Alle offerte rispondeva sempre mamma Fiorella,
come quella prima volta in cui il figlio aveva appena dodici anni: «…..qualcuno
bussò alla porta del nostro appartamento di Roma», racconta Totti. «Ad
aprire andò mia madre Fiorella. Le persone che erano dietro la porta avrebbero
potuto cambiare la mia carriera calcistica. Quando aprì la porta c’erano dei
signori che si presentarono come dirigenti sportivi. Ma non erano della Roma:
indossavano indumenti rossi e neri. Erano dell’AC Milan
e volevano che andassi a far parte della loro squadra. A tutti i costi. Mia
madre alzò le braccia al cielo. “No, no” rispose ai dirigenti e fu tutto ciò
che disse “Mi dispiace. No, no”. Fine del discorso. Il mio primo trasferimento
era stato rifiutato dal “boss.” Solo qualche settimana più tardi, venni scelto
durante una partita giovanile e la Roma mi fece un’offerta. Sarei diventato
giallorosso. Mia mamma se lo sentiva».
A quarant’anni, Francesco Totti non ha in
bacheca nemmeno un Pallone d’Oro. Come dice proprio mamma Fiorella, «Francesco
a casa ne ha tre di palloni d’oro, la moglie e i tre figli». E va bene
così. E’ un’ingiustizia del resto che lo accomuna a tanti. Viene alla mente un
nome su tutti, quello di Giancarlo Antognoni, predestinato
alla maglia viola come lui a quella giallorossa, core di un’intera
città. Bandiera mai sgualcita, sopravvissuta ad un mondo che fu, e che continua
orgogliosa a sventolare in un mondo che di bandiere non ne concepisce più.

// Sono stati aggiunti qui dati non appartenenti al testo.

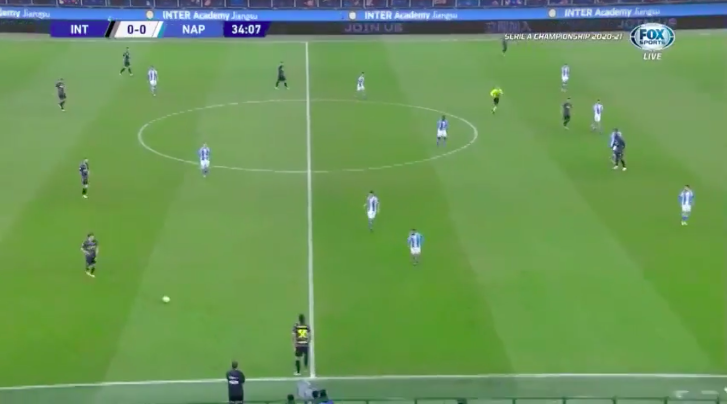 I due attaccanti sono stati seguiti praticamente a uomo da Manolas e Koulibaly, con i due terzini pronti a raddoppiare – anche perché i due esterni a tutta fascia venivano presi anche da Insigne e Lozano. Il possesso palla iniziale dell’Inter, con il solito rombo di costruzione formato dai tre difensori e da Brozovic, spostava la palla troppo lentamente perché il sistema del Napoli potesse disunirsi.
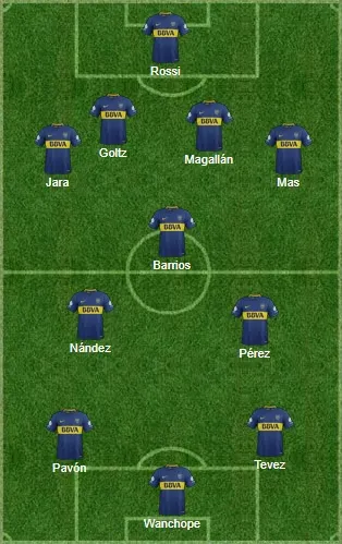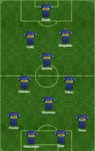Boca terminó jugando con ¡cuatro delanteros! Wanchope y Bou dentro del área. Tevez, alternándose. Pavón como extremo y Reynoso, Pérez y Nández en el medio, con Barrios más tirado atrás. Y sólo dos defensores en el fondo. Vale aclarar que, luego del gol del empate, Tevez salió e ingresó Buffarini.

Auguri capitano. Finché gioca
Francesco Totti, gioca la nostra infanzia, ed il nostro mondo che non c’è più e
non vuole saperne di sparire.
Molti mi chiedono, perché hai passato
tutta la tua vita a Roma? Roma rappresenta la mia famiglia, i miei amici, la
gente che amo. Roma è il mare, le montagne, i monumenti. Roma, ovviamente, è
anche i romani. Roma è il giallo e il rosso. Roma, per me, è il mondo. Questo
Club e questa città sono stati la mia vita. Sempre».